As a geographically borderless, multi-sectoral problem requiring cross-disciplinary engagement, understanding AMR reignites central debates in anthropology. AMR is a microbial response to human action but can also be viewed as a socio-material phenomenon that traverses Cartesian divisions, implicating both human and non-human agency, or as a consequence of competition and growth, an inevitable result of the contradictions of capital.
AMR is enmeshed in processes of modernisation and globalisation and reflects patterns of economic inequality. Drug-resistant infections are most prevalent in lower-income settings, where pharmaceuticalisation and rising consumer demand for meat outpace the establishment of public health measures to prevent infection. Despite the language of threat deployed by politicians and scientists, AMR cannot be eliminated; resistance is a continual process founded in fundamental biosocial relations.
Anthropology's holistic approach is ideally suited to studying AMR and contributing creatively to tackling it, together with other disciplines. Panel contributions may address:
• Antibiotic use in community, industrial, or healthcare settings
• Anthropology and the interdisciplinary challenge of AMR
• Governmental and technological responses to AMR, policy, surveillance, evidence
• Human-microbe relations
• AMR as an ecological challenge
Accepted papers:
Session 1 Wednesday 4 September, 2019, -Paper short abstract:
This paper first provides an overview of AMR regulations launched by Chinese national and Provincial health authorities in the past two decades and then examines how and why when these top-down official initiatives are translated into local practices they have not achieved the intended outcomes.
Paper long abstract:
Antimicrobial resistance (AMR) has been identified as an issue of global and national significance in Public Health. In this paper we discuss why AMR policies in China have failed to be effective. We draw on over 60 semi-structured interviews and observations conducted in 3 village clinics and 3 township health centres, examining how rural residents and families access and use antibiotics among other medicines.
This paper has two parts: Part 1 will provide an overview of AMR regulations and policies launched by Chinese national and Provincial health authorities in the past two decades—for example, the List of Essential Medicine, the New Agricultural Co-operative Medical Scheme (NACMS) and other relevant policies.

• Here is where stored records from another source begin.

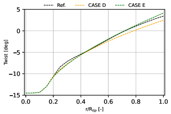 CASE D concerns the combined application of both the above two methods (i.e., CASE C) in conjunction with the redesign of the blade twist. As mentioned in the introduction section, FEC entails an indirect, unfavourable BTC effect, induced by the forward sweep deflection. The above BTC effect causes a nose-up twisting of the blade sections that gives rise to increased flapwise loads. Re-twisting of the blade could be a means to mitigate the above effect. The twist distribution of the blade is parameterized using global Bezier interpolation functions with three CPs. The radial position and the twist of the first CP are fixed at r/R = 0.15 and θtwist = −13.1°. The radial position of the second and the third CP are fixed at r/R = 0.25 and 1, respectively, while the twist angle of these CPs is considered as a design variable.
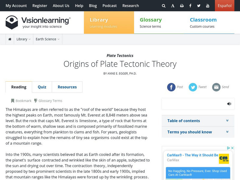 Visionlearning: Plate Tectonics: The Origin of Plate Tectonic Theory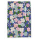 Ein hübsches Design pastellfarbener abstrakter Blume mit blauen Blätter im Hintergrund.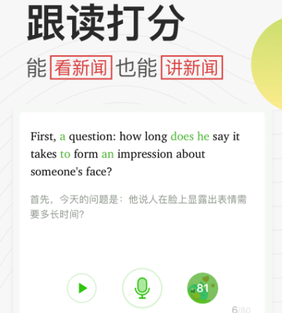 这是专业的英语听力训练软件以及跟读软件,每日精选素材,有海量精选内容值得推荐,每天坚持10分钟,感受沉浸式跟读练习,久而久之让英语水平提升。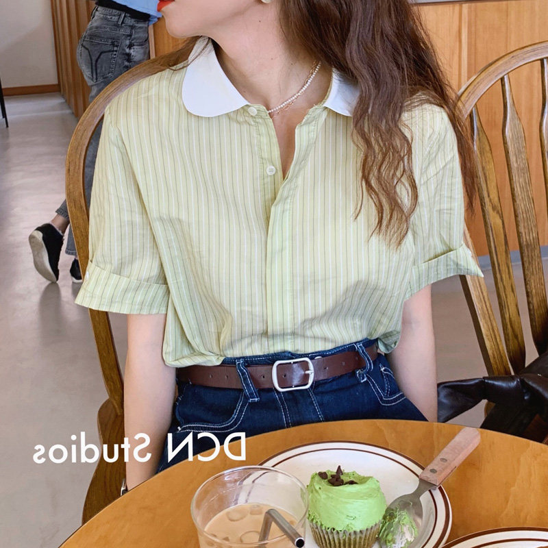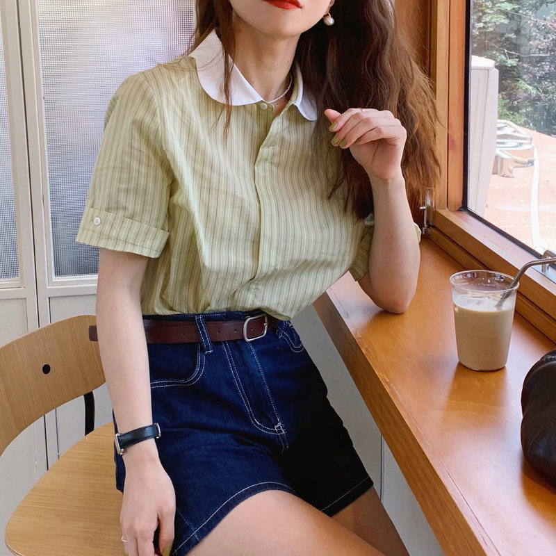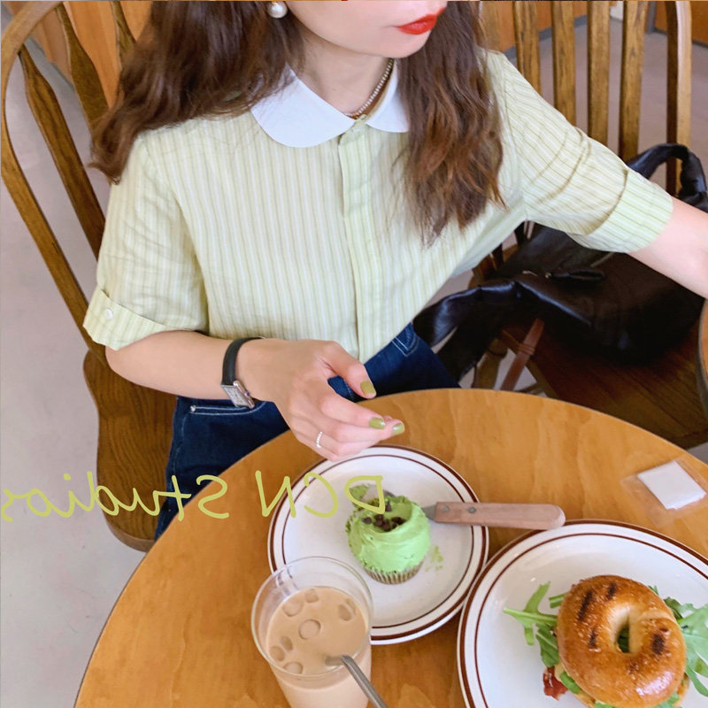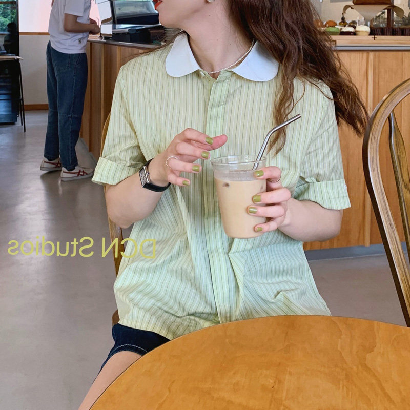 Зеленая кукла, летняя тонкая милая рубашка, кукольный воротник, французский стиль

Part 2 will examine how these top-down official initiatives are translated into local practices in Primary Care rural health facilities and why they have not achieved their intended outcomes. We argue that the infrastructure of modern social-economic life in rural Anhui Province affect residents' health-seeking behaviours, in particular, accessing and consuming antibiotics. Their health-seeking behaviours are closely linked to the values of productivity and time, and the expectation that antibiotic will yield fast and full recovery. Hence, perceptions of the potency of antibiotics is central to both their use and the desired form of administration; particularly the use of "drips" (IV treatment which usually contain antibiotics) for the common cold or flu. The need for a "quick fix" is very much embedded in rural-to-urban migration practices, the intergenerational exchange of care and moral values of reciprocity.
Paper short abstract:
The 'irrational' use of antibiotics is a significant cause of AMR in developing countries including Bangladesh. A qualitative account using the theory of 'Social Lives of Medicines' revealed medical-representatives influence the prescribing and dispensing antibiotics through innovative marketing.
Paper long abstract:
Antimicrobial resistance (AMR), has been acknowledged by the WHO as a serious global public health threat. The 'irrational' use of antibiotics is an important cause of AMR. Like many other developing countries, there is little regulation of drug production, prescription and use in Bangladesh. Unqualified health providers in the informal sector supplement the shortage of qualified health workforce, especially among the poor and in disadvantaged areas. As part of a larger project investigating the pathways of antibiotic use in Bangladesh, this paper explores the role of a specific actor, namely Medical Representatives (MR), for popularizing antibiotics in particular. Key-informant interviews and observations have been conducted with MR and key personnel of various multi-national and national pharmaceutical companies. Our findings revealed, MR influence the prescribing and dispensing pattern of both qualified doctors and non-qualified dispensers through their robust marketing, innovative incentives catering for different health providers, and the symbolic value of their appearance. The theory of 'Social Lives of Medicines' denotes that medicines have lives and that the meaning and use of medicines varies according to the context. The study shows MR of various pharmaceutical companies play a crucial role in interpreting the meaning and use of antibiotics in Bangladesh. This ultimately contributes to the irrational prescribing/dispensing of drugs, which is, in turn, a key contributor to the emergence of AMR. Using Michael Cronin's theory of 'Globalization and translation', we argue, MRs are one of the critical 'translators' of antibiotics that play a major role in antibiotic resistance in Bangladesh.
Paper short abstract:
In spite of intensified global health initiatives, a global epidemic of drug-resistant tuberculosis (DRTB) has developed. Based on ethnographic explorations of multilayered and multispecies resistances driving development and spread of DRTB, I discuss the recently revised strategy to End TB by 2030.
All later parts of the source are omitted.